The 1-min count, the 5-min count, and the RTTE models were evaluated based on 2000 Monte Carlo simulations from the final models and the original study design. The time course, but also the variance, of the simulated events was evaluated with visual predictive checks (VPC) (Karlsson and Holford, 2008). Simulated datasets from the RTTE model were re-estimated with the final RTTE and count models in a stochastic simulation and estimation study to assess method performance and provide information on differences between models found when applied to the original data. If the estimation method is appropriate, the resulting estimates should show low bias. Likewise, if a simplification of the data structure is acceptable, both bias and imprecision should not be overly inflated compared with the original data structure. Finally, through stochastic simulations and estimations, the statistical power to detect a drug effect was explored by comparing a count approach with a traditional approach. For this purpose multiple data sets (n = 2000) were simulated using the final model and the same design as the original data, but with a very low dose (0.003 mg/kg). For both approaches it was tested whether a model including an estimated drug effect was significantly better than one that assumed that there was no difference between active and placebo treatments. For both methods the power was taken to be the fraction of data sets that showed a significant difference between placebo and active treatment. Thereafter this process was repeated many times; each time the data were simulated by using an incrementally increased dose, until the calculated power was close to 100% for both methods.
The traditional approach used for this illustration was a linear regression considering the number of counted events over the entire experiment. The drug effect was a constant multiplying the average concentration over the same 45-min time span. The average concentration was obtained as the integral of the individual concentration-time profile over the 45 min divided by 45 min. where E is the drug effect factor and ε is the unexplained variability. Thus, the traditional approach treats the total number of events as a continuous, not a count, variable.
First, individual PK parameters were estimated for each dog on drugs using the averaged concentrations over experiments. Then, PD parameters were estimated in a PK-PD model based on individual PK parameters. Model discrimination and study power were determined through likelihood-ratio tests. Analyses were performed with the Laplace method in NONMEM VI version 2.0 (Beal et al., 1989–2009). Data preprocessing and postprocessing and model diagnostics were completed using R 2.10.1 (R Development Core Team, 2010), Xpose4 4.2.2 (Jonsson and Karlsson, 1999; xpose.sourceforge.net), and PsN 3.2.4 (Lindbom et al., 2005; psn.sourceforge.net).

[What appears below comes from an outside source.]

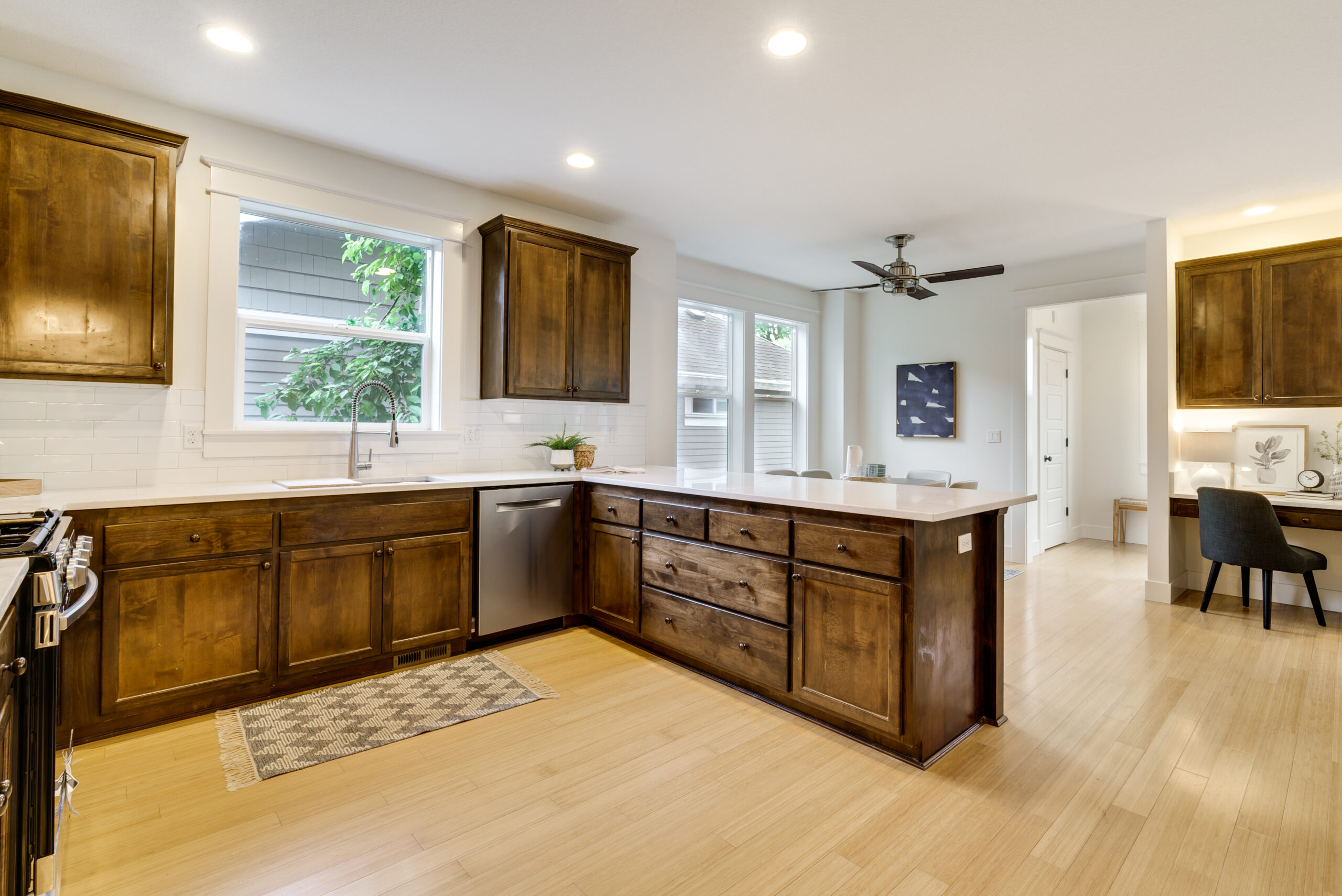 Light filled modern construction w/spacious floor plan. Refreshed kitchen with brand new stainless appliances w/bonus family room & eating nook for lounging/entertaining. Coveted 2nd flr w/4beds & 2 updated baths & laundry. Bring your imagination to the lower level w/bonus room, offers fantastic ceiling height, art studio? media room? You choose! Enjoy front and back trex decks along w/ready to plant garden beds. Tandem garage for cars/storage. Short walk/bike ride to New Seasons, Max & DT Kenton.

The individual PK parameters assessed were the following: C0 was estimated to be 21.2, 19.0, 14.9, and 32.8 nM, for the four dogs participating in the experiment, and kel was 0.0304, 0.0341, 0.0332, and 0.0501 min − 1, respectively.
Baseline and Time Course.
The observed average frequency of events was 0.20 min−1 (294 TLESRs/32 experiments/45 min) with vehicle and 0.10 min−1 (66 TLESRs/15 experiments/45 min) in the presence of WIN55212-2. A similar baseline of distributions of events was estimated by the 1-min count model and the RTTE model; the value of the baseline of the mean count λ or of the hazard h was approximately 0.14 min−1 and the exponentially distributed interindividual variability was 29%. The estimated surge parameters were similar between the 1-min count model and the RTTE model. The maximum λ or h (SA) was 3.6 times higher than base, PT was at approximately 9.55 min, the duration of the surge (2 × SW) was approximately 5 min, and the shape parameter, γ, was estimated to a value of 1.6. The latter was significantly better than fixing gamma to the commonly used value of 2. The baseline parameter estimate of the 5-min count model was considerably higher than that of the other models (Table 1).

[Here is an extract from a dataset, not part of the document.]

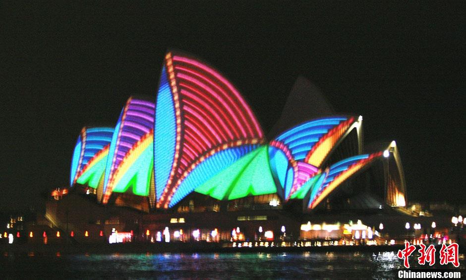 資料圖:澳大利亞的著名標(biāo)志性建筑悉尼歌劇院在燈光的裝飾下,夢(mèng)幻迷人,五彩奪目。中新社發(fā) 沙長華 攝
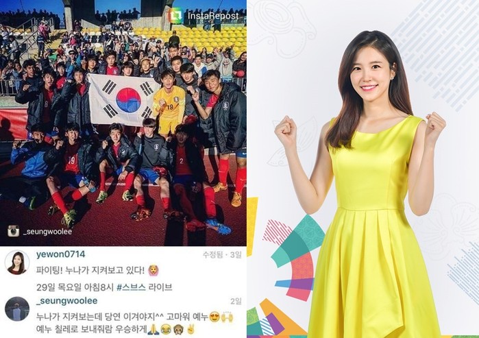 장예원은 지난 27일 자신의 SNS에 "파이팅! 누나가 지켜보고 있다! 29일 목요일 아침 8시 스브스 라이브"란 글과 함께 U-17 한국 대표팀의 사진을 게재했다.

The PD profile of the compound WIN55212-2 was described as proportional to the baseline. Other models allowing the drug effect to operate, for example, on both the baseline and the surge function did not significantly improve the description of data. The drug effect was quantified almost equally by the three approaches: 1-min count model, 5-min count model, and RTTE Model, (Table 1), with the following typical values: IC50 of 2.43, 2.53, and 2.20 nmol · l−1, respectively. The 5-min count model had the highest imprecision, shown in relative standard error (RSE): 27, 36, and 19%, respectively.
The λ simulated with the 1-min count model and the hazard simulated from the RTTE model presented very similar time-course profiles (Fig. 1). The VPC of the frequency of events enabled the visualization of the distribution of both the observed and simulated events in the experimental time span (Fig. 1). Surges were clearly observed at approximately 10 min; for vehicle data all the median observed proportions of events except two fell within the 2.5th and the 97.5th percentiles of the confidence intervals, whereas for WIN55212-2 data all observations were contained in the 95% confidence intervals.
The data summarized for diagnostic purposes per 5-min time intervals presented up to five events per time interval; therefore, the corresponding VPC (Fig. 2) displayed the proportions for each present frequency. The proportions, while always adding up to one, decreased approximately 10 min for the low frequencies and increased around the same time area for the high ones.
A comparison of observed data with model predictions in the form of Kaplan-Meier plots reveals a good performance of the RTTE model (Fig. 3). Up to the first eight events for each experiment are depicted separately by experiment and treatment arm. These graphs also illustrate the difference in frequency of events between the treatment arms. For example, all dogs on vehicle were experiencing at least five events, whereas some of the dogs on drugs had no more than two events.
Count models make a distribution assumption of counts within intervals that can be explored via the variance and the mean of the counts per individual. A VPC constructed with the ratio variance over mean calculated in five intervals along the experiment (Fig. 4) displayed an increasing value of the ratio of the two quantities over time, which was accurately retrieved in the simulations, for both the placebo and WIN55212-2.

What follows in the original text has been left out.